Pada waktu pemeriksaan dalam, ketuban boleh dipecahkan. Memang sesudah tindakan
ini persalinan tidak boleh berlangsung terlalu lama, namun hal tersebut dapat dibenarkan oleh
karena dapat merangsang his, dan dengan demikian mempercepat jalannya persalinan.
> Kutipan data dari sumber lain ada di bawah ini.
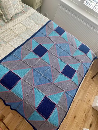 To make the size in the pattern, I knitted 54 squares in total using Aran weight yarn and 5mm (US 8) needles. The pattern repeat contains 9 small squares, which are joined to make one big square; make 6 of these before joining to complete an Afghan. The Afghan size can be altered by using different weight yarn and different size needles, also knitting more/less squares or increasing/ decreasing more/less rows. Crochet is a great way to join together all squares, giving to your blanket more structure. However, if you want your seams to be less visible use mattress st, or any other you prefer.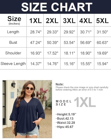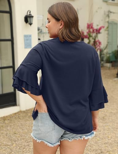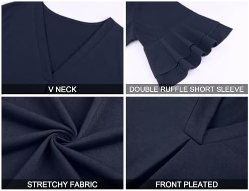 Zamowoty Plus Size Tops for Women V Neck Double Ruffle Short Sleeve Casual Summer Tops Blouse Loose Fit Tee Shirts(1X-5X)

Kalau diobati dengan oksitosin, 5 satuan oksitosin dimasukkan ke dalam larutan glukosa
5% dan diberikan secara infuse intravena dengan kecepatan kira-kira 12 tetes per menit, yang
perlahan-lahan dapat dinaikkan sampai kira-kira 50 tetes, tergantung pda hasilnya. Kalau 50 tetes
tidak membawa hasil yang diharapkan, maka tidak banyak gunanya untuk memberikan oksitosin
dalam dosis yang lebih tinggi. Bila infuse oksitosin diberikan, penderita harus diawasi dengan
ketat dan tidak boleh ditinggalkan. Kekuatan dan kecepatan his, keadaan dan denyut jantung
janin harus diperhatikan dengan teliti.
Infus harus dihentikan kalau kontraksi uterus berlangsung lebih dari 60 detik, atau kalau
denyut jantung janin menjadi cepat atau menjadi lambat. Menghentikan infuse umumnya akan
segera memperbaiki keadaan. Sangat berbahaya untuk memberikan oksitosin pada panggul
sempit dan pada adanya regangan segmen bawah uterus. Demikian pula oksitosin jangan
diberikan pada grande multipara dan kepada penderita yang telah pernah mengalami seksio
sesarea atau miomektomi, karena memudahkan terjadinya ruptura uteri. Pada penderita dengan
partus lama dan gejala-gejala dehidrasi dan asidosis, di samping pemberian oksitosin dengan
jalan infus intravena, gejala-gejala tersebut perlu diatasi.
Maksud pemberian oksitosin ialah memperbaiki his, sehingga serviks dapat membuka.
Satu ciri khas oksitosin ialah bahwa hasil pemberiannya tampak dalam waktu singkat.
Olehkarena itu tak ada gunanya untuk memberikan oksitosin berlarut-larut. Sebaiknya oksitosin
diberikan beberapa jam saja; kalau ternyata tidak ada kemajuan, pemberiannya dihentikan,
supaya penderita dapat beristirahat. Kemudian dicoba lagi untuk beberapa jam; kalau masih tidak
ada kemajuan, lebih baik dilakukan seksio sesarea.

Oksitosin yang

diberikan dengan suntikan intramuskuler dapat menimbulkan

incoordinate uterine action. Tetapi ada kalanya terutama dalam kala II, hanya diperlukan sedikit
penambahan kekuatan his supaya persalinan dapat diselesaikan. Di sini sering kali 0,5 satuan
oksitosin intramuskulus sudah cukup untuk mencapai hasil yang diinginkan. Oksitosin
merupakan obat yang sangat kuat, yang dahulu dengan pemberian sekaligus dalam dosis besar
sering menyebabkan kematian janin karena kontraksi uterus terlalu kuat dan lama, dan dapat
menyebabkan pula timbulnya ruptura uteri. Pemberian intravena dengan jalan infus (intravenous
drip) yang memungkinkan masuknya dosis sedikit demi sedikit telah mengubah gambaran ini,
dan sudah pula dibuktikan bahwa oksitosin dengan jalan ini dapat diberikan dengan aman
apabila penentuan indikasi, pelaksanaan dan pengawasan dilakukan dengan baik.